If you are out of work as the result of a work injury, you are entitled to a weekly benefit “wage replacement” known as your weekly workers’ compensation benefit. In order to receive this benefit, you must be disabled and unable to work. The law allows you to be considered totally disabled for a period of time. However, if you are on the road to a full physical recovery and eventually will be returning to work, the true goal of the law, then your ability to receive ongoing payments may be affected by “how disabled” you are.

While we as attorneys argue that injured workers should be entitled to the same benefit the whole time, the insurance industry and the Workers’ Compensation Board has come up with this idea that as you get better you go from being totally disabled to partially disabled, meaning you have a partial ability to do something. Based upon that ability or disability they will lower your weekly payment by a certain percentage.

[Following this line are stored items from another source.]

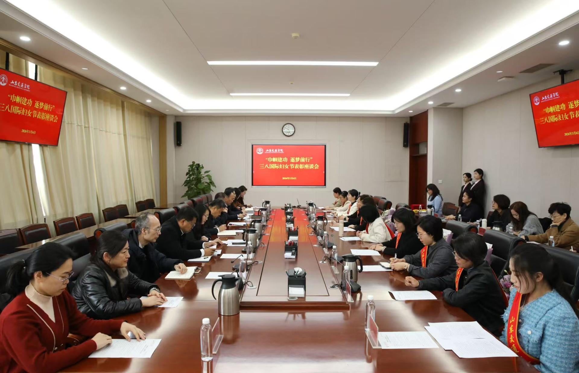3月6日下午,在第116个“三八”国际妇女节来临之际,学校在长清校区明德楼303会议室召开“巾帼建功 逐梦前行”主题“三八”国际妇女节表彰座谈会。学校党委书记王伟,党委副书记李贞涛,党委委员、党委组织部部长王兴盈,党委委员、党委统战部部长刘庆波出席。会议由王兴盈主持。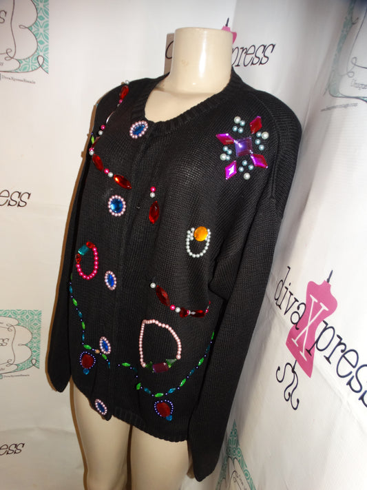 Vintage Victoria Jones Black Beaded Jewel Sweater 1x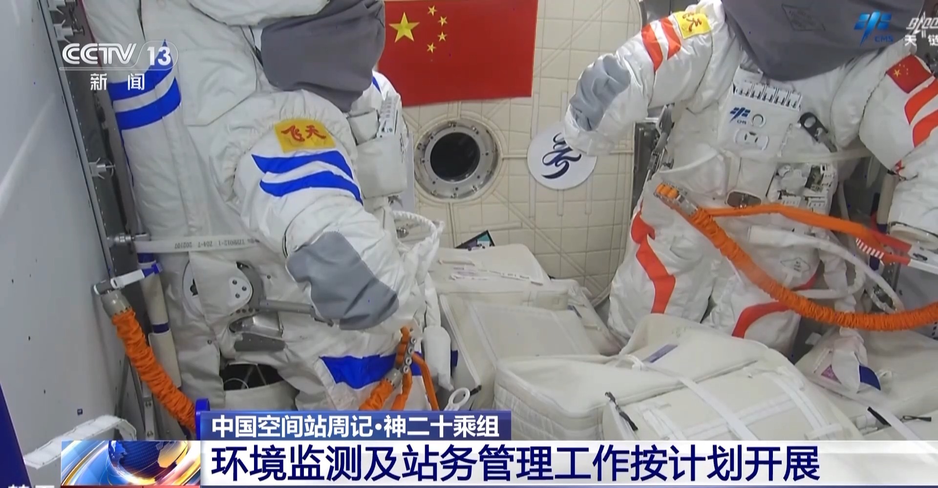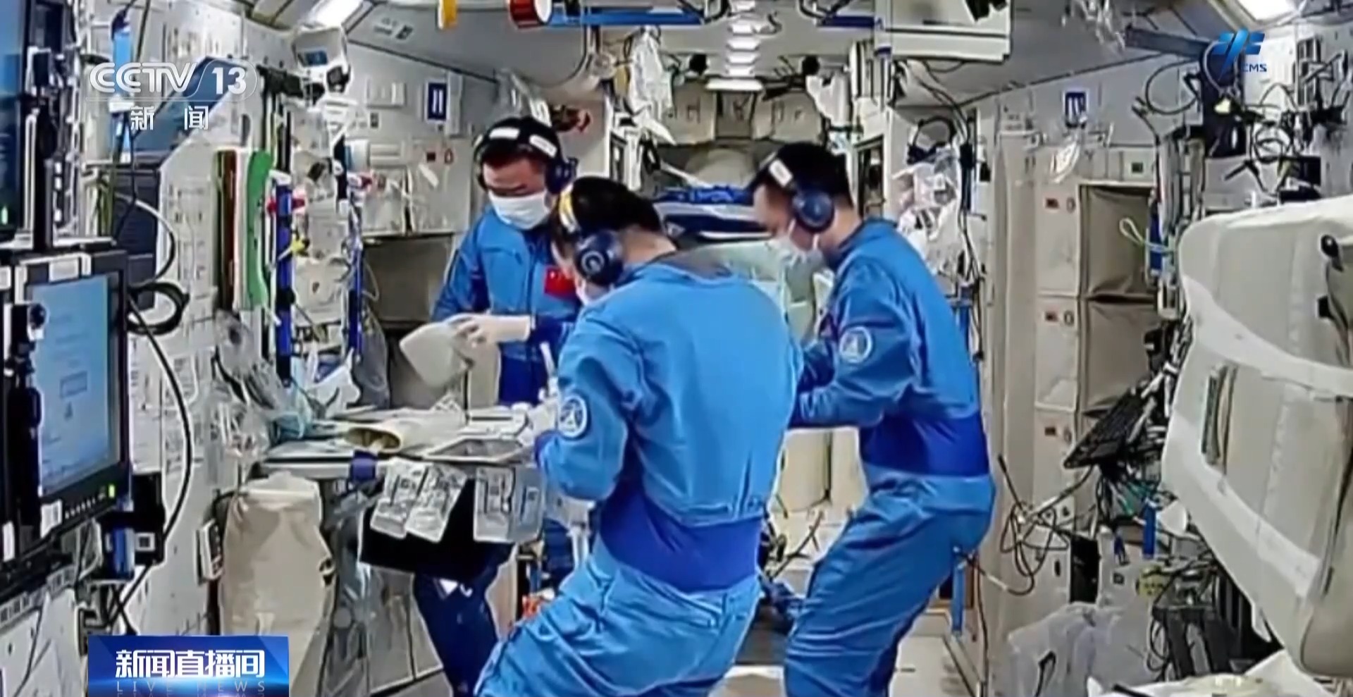 在站务管理方面,乘组完成了问天气闸舱、梦天实验舱内货包及舱外服转移整理,药品清点及物资管理相关工作。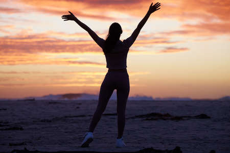 There is so much to enjoy in life. Full length shot of an unrecognisable woman standing alone on the beach with her arms raised.

Here is an example: assume you are earning $600.00 a week and entitled to a $400.00 a week total disability wage. At some point your doctor says you have a moderate disability and can go back to work potentially doing some things. Now let’s say your job does not have light duty, the Workers’ Compensation Insurance Company and Board will still attempt to lower your weekly payments from $400.00 a week to $200.00 a week (a moderate disability) based on a formula. This does not seem fair, but in their thinking you would have an ability to earn some additional money and still get this compensation. It is a very unfair system and can put you in a very precarious situation, and often times forces people to return to work. Therefore, the higher your average weekly wage is, the more we may be able to get benefits for you.